PARIS.- Carré Rive Gauche association announces the creation of Carré Rive Gauche Endowment Fund. The purpose of the fund is multiple: providing financial backing for restoring art works, designing the presentation of a museum collection that has not yet been exhibited to the public, organizing exhibitions and publications in the field of art or creation in the areas of design and crafts Made in France such as painting, sculpture, photography, woodwork or tapestry.
The antique dealers and art galleries of the association are the first contributors to this innovative means of patronage and are thus adopting an unprecedented philanthropic attitude.

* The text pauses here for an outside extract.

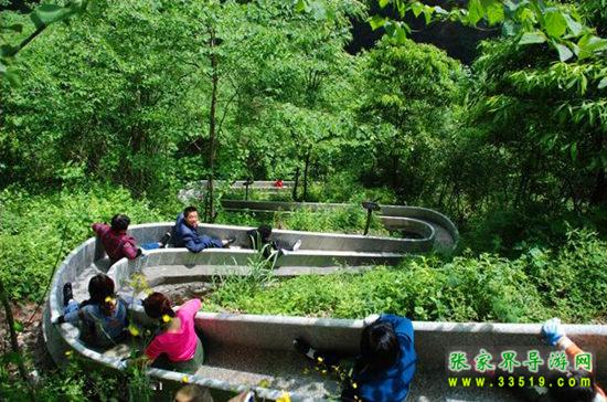 該滑道由清一色的花崗石板拼砌而成,再作精工打磨和拋光工藝處理,內(nèi)槽深45厘米,寬50厘米,滑行用時三至五分鐘,比平常步行跋涉游覽節(jié)約20分鐘,是張家界大峽谷風景區(qū)建成的游客參與性設(shè)施,也是緩解游客游覽體力透支的人性化服務(wù)設(shè)施之一。它將成為海內(nèi)外游客前來張家界大峽谷觀光游覽時節(jié)省時間和體力的最佳選擇。
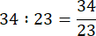 Iloraz 34 : 23 zapisz w postaci ułamka, pamiętając o tym, która z liczb to licznik, a która to mianownik.

Two funding projects are planned for the year 2015, initiating the philanthropic momentum sought after by the Carré Rive Gauche Endowment Fund, which has chosen, for this first year of its existence, to focus specifically on the restoration of works of French heritage:
The Carré Rive Gauche Endowment Fund is to finance to the amount of 10,000 euros the restoration of the painting by Victor Schnetz (1787-1870), Combat devant lHôtel de Ville de Paris le 28 juillet 1830. This canvas of 4x4m, charged with highly symbolic republican values, has been kept in the museums storage area.
This funding will enable the painting to be restored and hung within a new gallery painted in red and now dedicated to the romantic period. This forgotten masterpiece will be unveiled at the Petit Palais on 19 September 2015, on the occasion of European Heritage Days.
In partnership with the musée des Arts décoratifs, the Carré Rive Gauche Endowment Fund has also chosen to finance to the amount of 5,000 euros, the restoration of a four-panel wrought iron screen created by Raymond Subes (1891 - 1970) in around 1934 and produced in the Borderel et Robert workshops in Paris. This screen was presented in the entrance hall of the "French Family Household" in the Palais de la France at the Universal and International Exhibition in Brussels in 1935.
To be unveiled on 19 September, on the occasion of the European Heritage Days, this screen will be exhibited in the final room of the Art Nouveau-Art Deco department, on the third floor of the Marsan pavilion.